To investigate whether AZD1775 could enhance an in vivo anti-tumor immune response, we first verified that antigen-positive M1mK2SIIN establish tumors in WT B6 mice. As demonstrated in , transplantation of M1mK2SIIN cells generated tumors that engrafted but grow slower compared to pMOC1 derived tumors. Flow cytometry of tumor single cell suspensions revealed that many cells within M1mK2SIIN tumors remained positive for mKate2 (), indicating that they remain antigen-positive in the face of an endogenous WT immune response. Immune correlative analysis revealed increased infiltration of total and SIINFEKL-specific CD8+ TIL in M1mK2SIIN tumors compared to pMOC1 tumors, but also increased expression of PD-1 expression on these TIL and increased expression of PD-L1 on CD45.2−CD31− tumor cells (). Cells within M1mK2SIIN tumors produced more IFNγ, known to drive expression of PD-L1 in MOC cells.Citation29
Figure 6. M1mK2SIIN tumors engraft but escape anti-tumor immunity despite persistent antigen expression.

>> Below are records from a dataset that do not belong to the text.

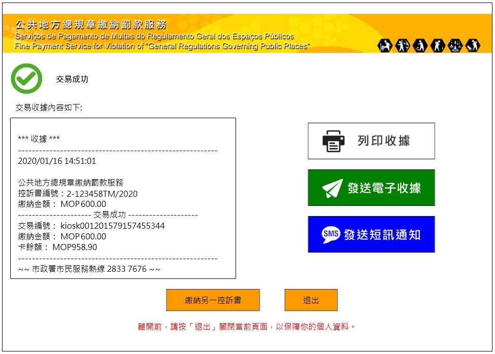 為落實特區政府的電子政務工作,市政署與身份證明局合作,在多功能自助服務機加入「公共地方總規章繳納罰款服務」,為大眾提供更多元、更便捷的繳費渠道和繳付方式。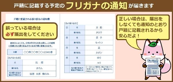 通知されたフリガナが正しいときは届出不要です。(令和8年5月26日以降通知されたフリガナが戸籍に記載されます。)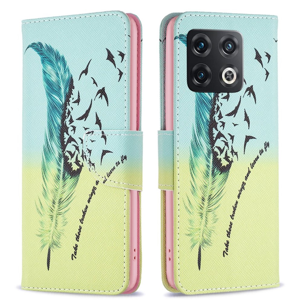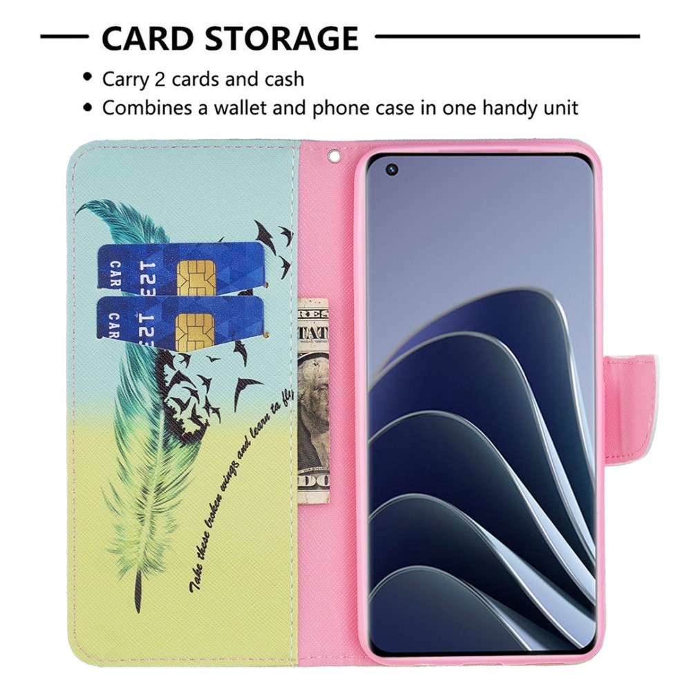 Θήκη OnePlus 10 Pro 5G OEM Feather & Birds με βάση στήριξης, υποδοχές καρτών και μαγνητικό κούμπωμα Flip Wallet από συνθετικό δέρμα και TPU πολύχρωμο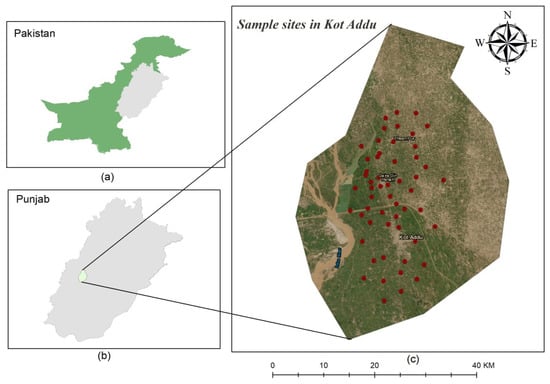 Kot Addu city is situated in the center of Pakistan, in the southern region of the Punjab Province, in the District of Muzaffargarh Figure 1. Sugarcane, wheat and cotton are the principal crops farmed in the alluvial plain that surrounds the city; rice, maize, mash, ground nuts, bajra and oil seeds (rapeseed) are cultivated in a very small ratio. Frequently, certain areas remain flooded. Mangoes, citrus, dates and pomegranates are the principal fruit trees grown; however, many citrus and mango farms also have a small amount of space for pears, dates and bananas [43]. Most of the agricultural lands in this region are mildly to moderately salinized. Kot Addu experiences mild winter and scorching summer seasons due to its desert climate. The city has encountered some of the most severe climate conditions in Pakistan. The peak temperature ever noted was roughly 51 °C (324.15 °K), and the lowest temperature ever noted was roughly −1 °C (272.15 °K). About 127 mm of rain falls every year on average (5.0 in.). Such a climate exacerbates the salinity issue; therefore, research is being conducted to track the salinity issue in this region.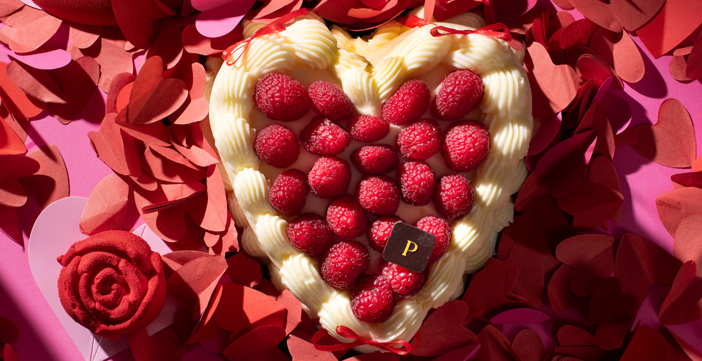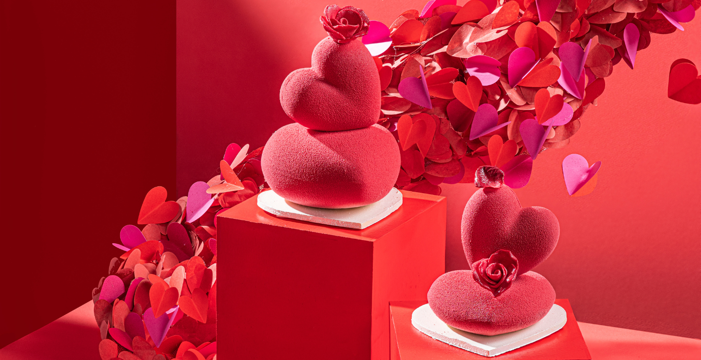 Chocolate creations shaped like hearts and roses, macarons filled with patisserie cream and strawberries, signature chocolate and strawberry mille-feuille, tarts, chocolate brownies and many more sweet treats come together in shades of red with subtle golden accents.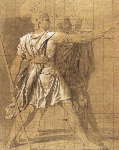 Curator: This drawing, made with charcoal, depicts the prophets Hosea and Jonah, and it comes to us from the hand of Raphael, dating back to around 1510 during the Italian Renaissance. Editor: Whoa, my first impression is serious biblical drama! It feels intensely theatrical even just in charcoal—the light, those brooding figures… like backstage at some divine play. Curator: Exactly. Raphael created this as a preparatory study. Commissioned by Pope Julius II, this artwork served as inspiration for the frescoes Raphael painted in the Vatican’s Stanza della Segnatura. We see the prophets, each holding tablets, perhaps inscribed with their prophecies, embodiments of divine knowledge and foresight. Editor: You know, seeing the angel hovering behind Jonah, pointing skyward, is what really strikes me. There’s a restless energy, even though it’s a preparatory sketch. You can feel the artist wrestling with the composition, almost a spiritual exploration happening right there on the page. Curator: The positioning of these prophets, combined with the architectural framework, certainly alludes to their role in bridging the divine and earthly realms, and this relates to a growing public interest in humanist ideals. The Renaissance emphasized direct engagement with classical texts and promoted rational thought and individual agency, influencing even sacred art like this. Editor: It’s wild how he makes charcoal feel so luminous. Look at the drapery—the folds have this real weight and flow. It is fascinating seeing art, made for the elite and powerful, gradually democratizing itself as we approach the Renaissance period, as well as a growing population moving into urban life. It reflects how, socially and culturally, things were gradually starting to open up. Curator: I agree. Studying Raphael’s work reveals a society in transition, navigating ancient wisdom with new perspectives. The prophets embodied both spiritual authority and human intellect. It's interesting to see how Renaissance art encouraged a re-examination of established social norms through its engagement with classicism and developing humanism. Editor: Yeah, these guys are definitely pondering more than just fire and brimstone. Well, after really absorbing it, this charcoal piece, although historical and tied to its time, truly does remain deeply evocative! Curator: Indeed! Raphael has definitely left us much to consider when we analyze the context of his works.
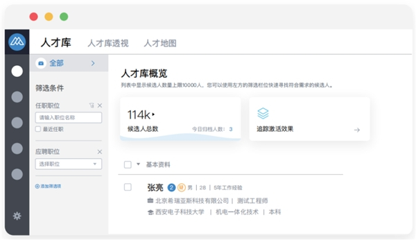 另外,对于游戏这种创造性比较强的行业来说,人才是核心,行业本身比较垂直且人才内卷严重,对企业来说,人才的沉淀非常重要,所以,企业要建立人才库,沉淀资源,并且要制定精细的人才库运营策略,定期盘活人才库里的资源,这点就必须要一个系统来承载,Moka的人才库刚好可以满足需求。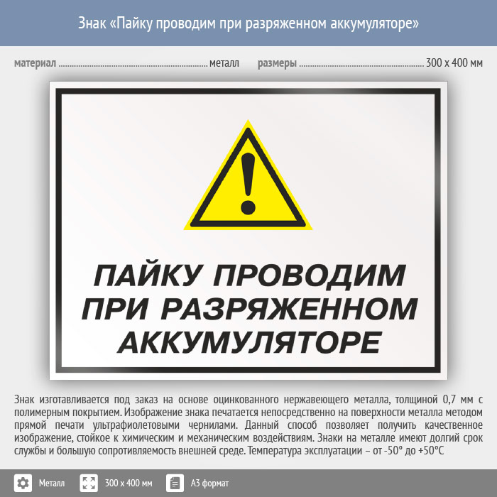 Знак «Пайку проводим при разряженном аккумуляторе», КЗ-62 (металл, 400х300 мм) в Улан-Удэ купить
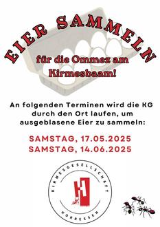 Jetzt ist es nicht mehr lange bis zur diesjährigen Kirmes und Eure Kirmesgesellschaft ist bereits in den Vorbereitungen für dieses schöne Traditionsfest. Wir brauchen, wie in jedem Jahr, wieder viele Eier für die Ommez. Dazu heute schon die Bitte und Aufforderung, ab sofort fleißig Eier auszublasen und für uns zu sammeln. Wir haben zwei Termine, an denen wir durchs Dorf ziehen und die ausgeblasenen Eier einsammeln. Am Samstag, den 17.05.2025 und am Samstag, den 14.06.2025.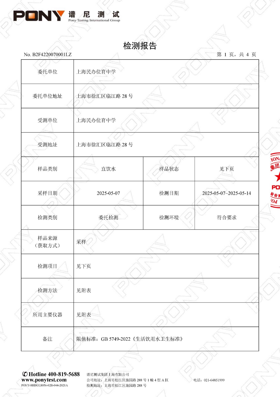 2025年5月初中部直饮水检测报告(5.14)(月检)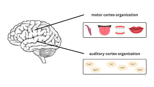 Additionally, some of Dr. Johnson’s early work with Dr. Chang’s group showed that the parts of the brain responsible for producing speech and receiving speech are also organized completely differently. The part of the brain involved in speech production, in the motor cortex, is organized according to the organization of the mouth. Brain regions that control the tip of the tongue are close to parts that control the lips, but far from parts of the brain that control parts of the vocal tract that are deeper in the throat like the uvula. Meanwhile, the auditory cortex is organized by the similarity of sounds. Brain regions that respond to similar sounds are closer together.

A, M1mK2SIIN or pMOC1 cells (5x106) were implanted subcutaneously in the flanks of WT B6 mice, and tumors were allowed to engraft and grow; plotted are individual tumor growth curves.B, established M1mK2SIIN or pMOC1 tumors were harvested, digested into a single cell suspension, and assayed for mKate2 positivity via flow cytometry. Dead cells were excluded via sytox blue staining.C, total infiltrating CD45.2+CD3+CD8+ TIL, PD-1 expression on CD8+ TIL, SIINFEKL:H-2Kb tetramer positivity and PD-L1 expression on CD45.2−CD31− cells was assessed in digested M1mK2SIIN and pMOC1 tumors via flow cytometry; total tumor IFNγ expression was determined via qRT-PCR of whole tumor lysate. Data pooled from two independent experiments.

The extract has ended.